▸ WHAT TO PRODUCE
Copy each line below exactly as it appears. Pictures are to be omitted.

▸ DATA EXTRACT
....
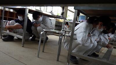 実習棟にいた私たちは先生の指示のもと、実験机の中に入って頭を守りました。
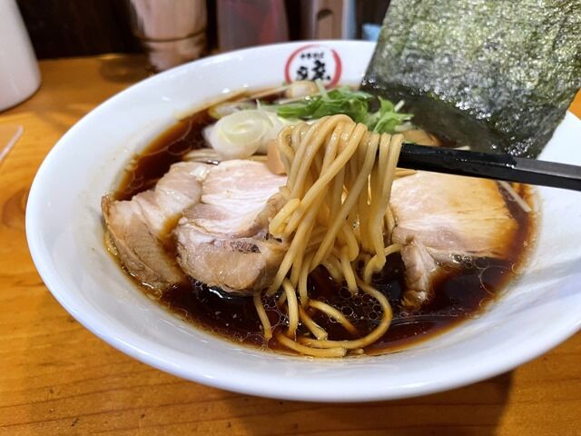 スープはさらっとした清湯醤油味。真っ黒で見た目濃そうですが、角が立ったしょっぱさではなくまろやかな飲み口。ちょっと甘めで肉出汁濃いめ。旨み溢れるスープにたまり醤油的なタレがいい塩梅に調味。他にあまり無いバランスでとても美味しい!
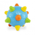 This recall involves Bruin Infant Wiggle Ball toys also called a giggle ball. The blue ball has textured bumps for gripping and has orange, green and yellow rubber knobs around the ball. The ball wiggles, vibrates and plays three different musical tunes. It has an on/off switch and requires 3 AA batteries to operate. The recalled wiggle balls have model number 5F6342E and Toys “R” Us printed on the product.
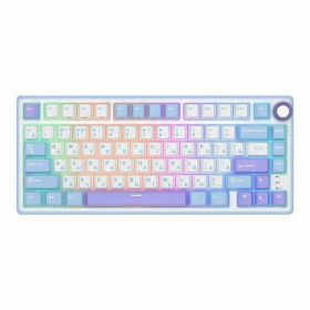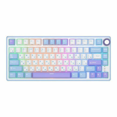 Royal Kludge R75 – это проводная механическая клавиатура, которая сочетает в себе стиль и функциональность. Она выполнена в молочно-белом цвете с голубыми акцентами, что делает ее привлекательной и стильной.
....
▸ YOUR RESPONSE
 実習棟にいた私たちは先生の指示のもと、実験机の中に入って頭を守りました。
 スープはさらっとした清湯醤油味。真っ黒で見た目濃そうですが、角が立ったしょっぱさではなくまろやかな飲み口。ちょっと甘めで肉出汁濃いめ。旨み溢れるスープにたまり醤油的なタレがいい塩梅に調味。他にあまり無いバランスでとても美味しい!
 This recall involves Bruin Infant Wiggle Ball toys also called a giggle ball. The blue ball has textured bumps for gripping and has orange, green and yellow rubber knobs around the ball. The ball wiggles, vibrates and plays three different musical tunes. It has an on/off switch and requires 3 AA batteries to operate. The recalled wiggle balls have model number 5F6342E and Toys “R” Us printed on the product.
 Royal Kludge R75 – это проводная механическая клавиатура, которая сочетает в себе стиль и функциональность. Она выполнена в молочно-белом цвете с голубыми акцентами, что делает ее привлекательной и стильной.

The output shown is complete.